Description of the task: Your job is to retype all of the data word for word, leaving every image out.

Supplied information:
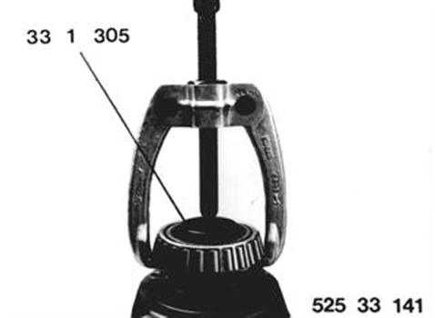 Pull off taper roller bearings through openings in differential case with a standard puller and Special Tool 33 1 305. Installation: Press on taper roller bearings cold. Replace defective taper roller bearings. Further procedures are identical with those for "Replacing Locking Differential" - 33 14 011. 33 14 011
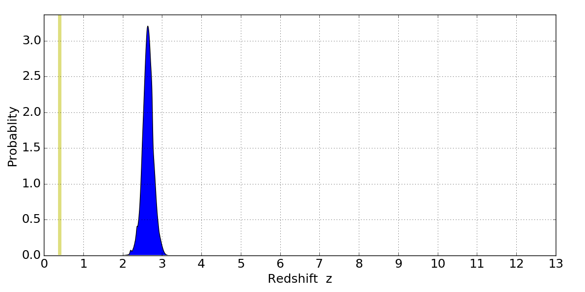 In P(z) plots: Yellow lines mark the cluster redshift z = 0.396,
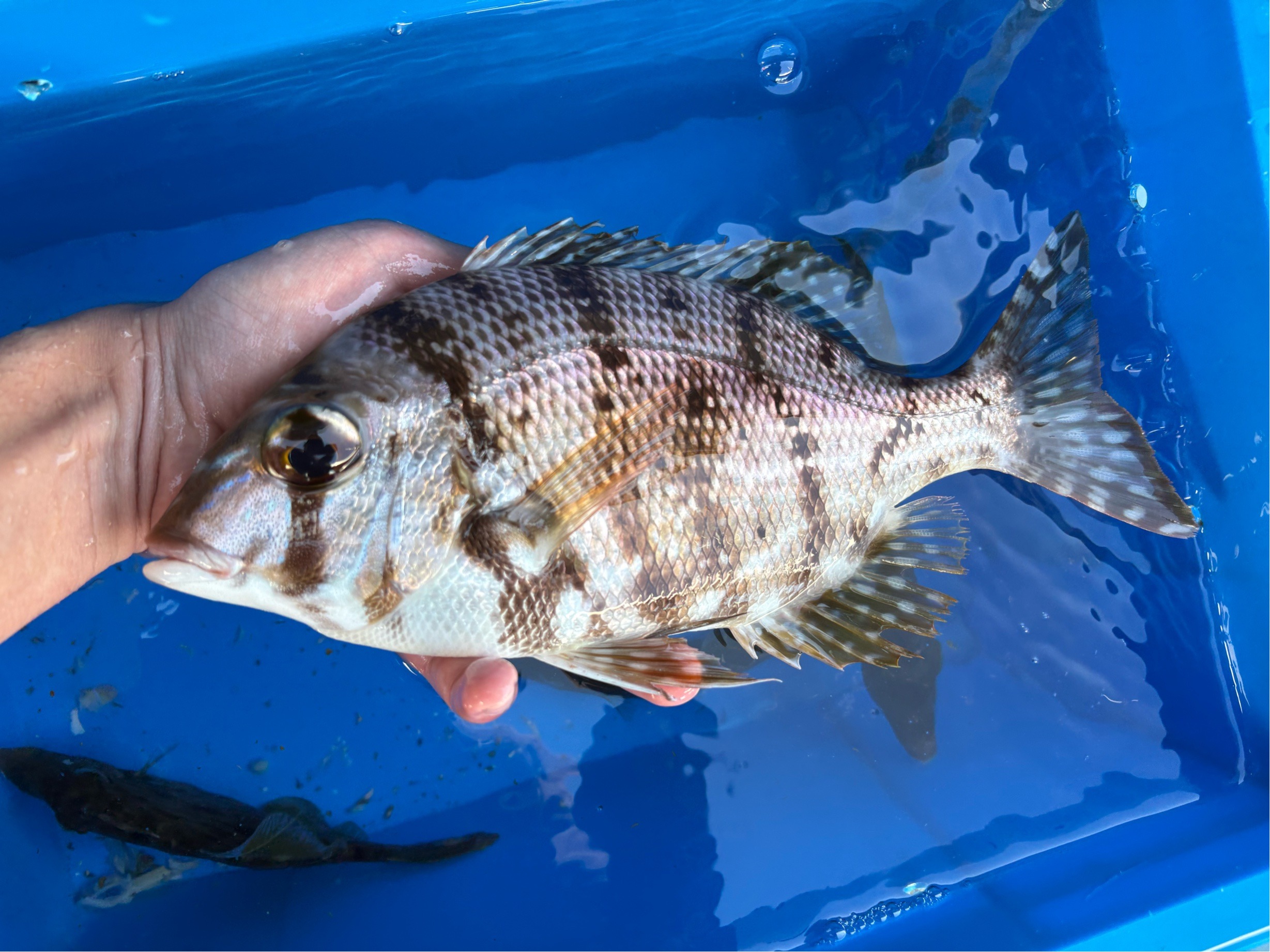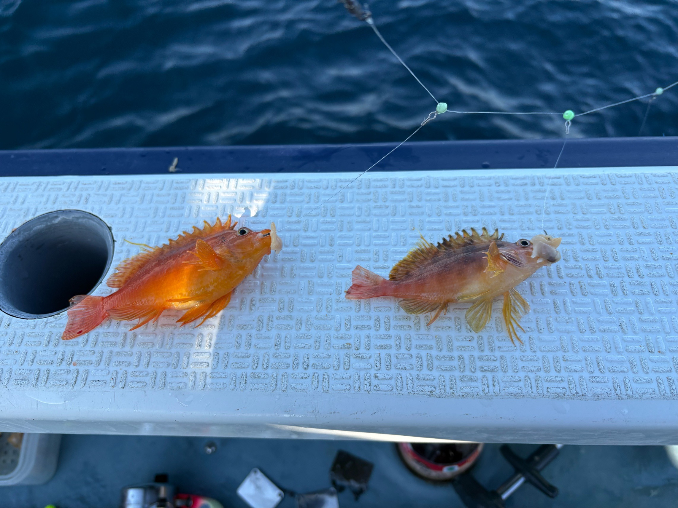 こちらの船宿さんは2度目、前回と同じ10号船の同じ釣り座。 大きな活かし桶と船縁下のドリンクホルダーの穴?(違うかも)が嬉しいです。

Response area:
 Pull off taper roller bearings through openings in differential case with a standard puller and Special Tool 33 1 305. Installation: Press on taper roller bearings cold. Replace defective taper roller bearings. Further procedures are identical with those for "Replacing Locking Differential" - 33 14 011. 33 14 011
 In P(z) plots: Yellow lines mark the cluster redshift z = 0.396,
 こちらの船宿さんは2度目、前回と同じ10号船の同じ釣り座。 大きな活かし桶と船縁下のドリンクホルダーの穴?(違うかも)が嬉しいです。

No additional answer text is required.